A place for Buffistas to discuss, beta and otherwise deal and dish on their non-fan fiction projects.
For sarameg's request in Natter-- snippet of something I've been playing around with.
Once upon a time, I was an overweight, unhappy housewife with barely a high school education. Your basic cliché, right? But these days, I'm being hailed as one of the brightest literary voices of my generation. How'd that happen, you're no doubt wondering. There are days I sit and wonder the same thing, I swear. One day, I was trucking along, married to my grade school sweetheart (more of that cliché material) buying groceries, cooking big Cuban meals, cleaning the grout around the toilets with old discarded toothbrushes because I was that freakin' bored, the next, I was coming home from the Laundromat because the washer was broken again and Nardo, my husband, didn't have time to fix it. And wouldn't let me call anyone to fix it, because he could do it, so why should we waste the money? When I pointed out that I was paying that same money to wash clothes outside the house while I waited (and waited) for him to find time, he just laughed and waved me off, like "Silly Madalenita. You just don't understand."

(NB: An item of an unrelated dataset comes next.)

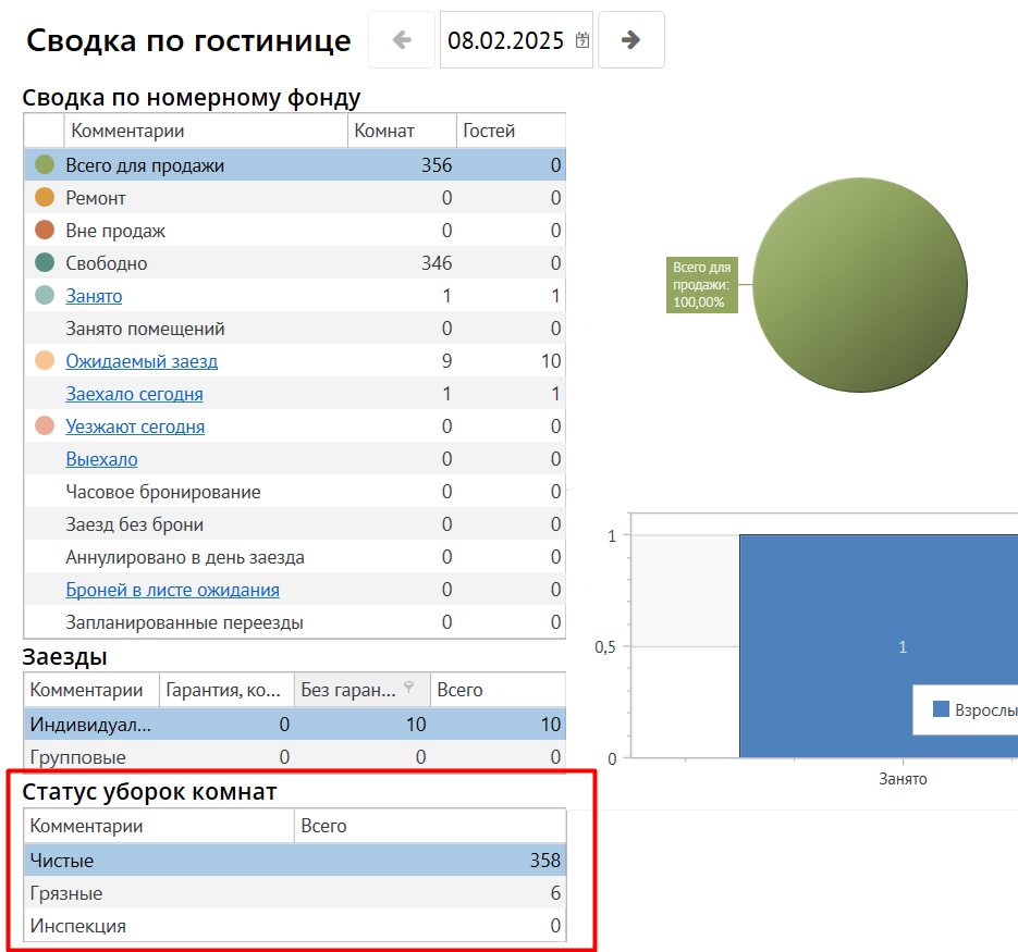 Сводка по гостинице: добавлена сводка по статусу уборок комнат

Hey, you know, I do understand. I get that it's kind of hard to find time, not to mention the right position, to fix something as mundane as a washing machine when you're flat on your back with Gloria "I Was Homely in High School But I'm Hot Now" Fernandez perched on your little homeboy. Now, I'll admit, it could've been easy for me to deal, to settle for the scraps. After all, Nardo made all the noises about how he was a man, a Virile Man, (I swear, he said it just like that, capitals and all) and a man like that needs some variety after so much time… variety that apparently comes in the form of a firm liposuctioned ass and silicone boobs. And we both knew too many women who settled for that nonsense—Nardo's problem was he forgot how smart I am. Can't say as I blame him. I'd almost forgotten how smart I was.
So all things considered, I think I handled it fairly well. I mean, I did leave him with a clean house. Never told him I used his toothbrush to clean the toilets and his boxers to mop the floor.
It's all in the details.
Holy crap. I managed to get only 500 words of the first chapter on the page last night, went to bed at 11:30, and was too brain-tired to get up on time for the gym (which makes me feel awful, I hate missing a day).
I keep getting stuck on age-group, vocabulary, and oh-my-god is this hackish?
What do I do? Do I just write and write and let it hit the page as is and let my beta readers give me the whammy on the first chapter to set me on the right path regarding tone?
I keep thinking, "I could have understood this when i was 10." And then going with that. If I could get it when I was 10, it has to be okay. I was a readie mcreaderson when I was a kid, and would read whatever I could get my hands on. That's the kid I want to write for.
Ugh. Hard. I knew it would be, and it's not like pushing a boulder up hill, it's like taking my brain out, putting it back in backwards, and hoping for the best.
Do I just write and write and let it hit the page as is and let my beta readers give me the whammy on the first chapter to set me on the right path regarding tone?
Yes. Then, send it to Suzi and see if CJ likes it and Hec to see if Emmett likes it. They're both 12 and you're writing for middle school, so it should reach them, too.
I agree. I think you just write the story you want to tell, and afterwards you can check it for age appropriateness.
Allyson, coming from writing for the YA camp, the worst thing you can do is overthink the age group you're writing for. Whatever you do, don't write down or try to write what you THINK they might like. Just write the story as it's coming to you-- the rest of it, like the dialogue, is all tweakable.
And if you need other betas, I have voracious readers of the 10 and 12 year old variety. And of course, if you'd like, I'll beta for you as well. Anything you need.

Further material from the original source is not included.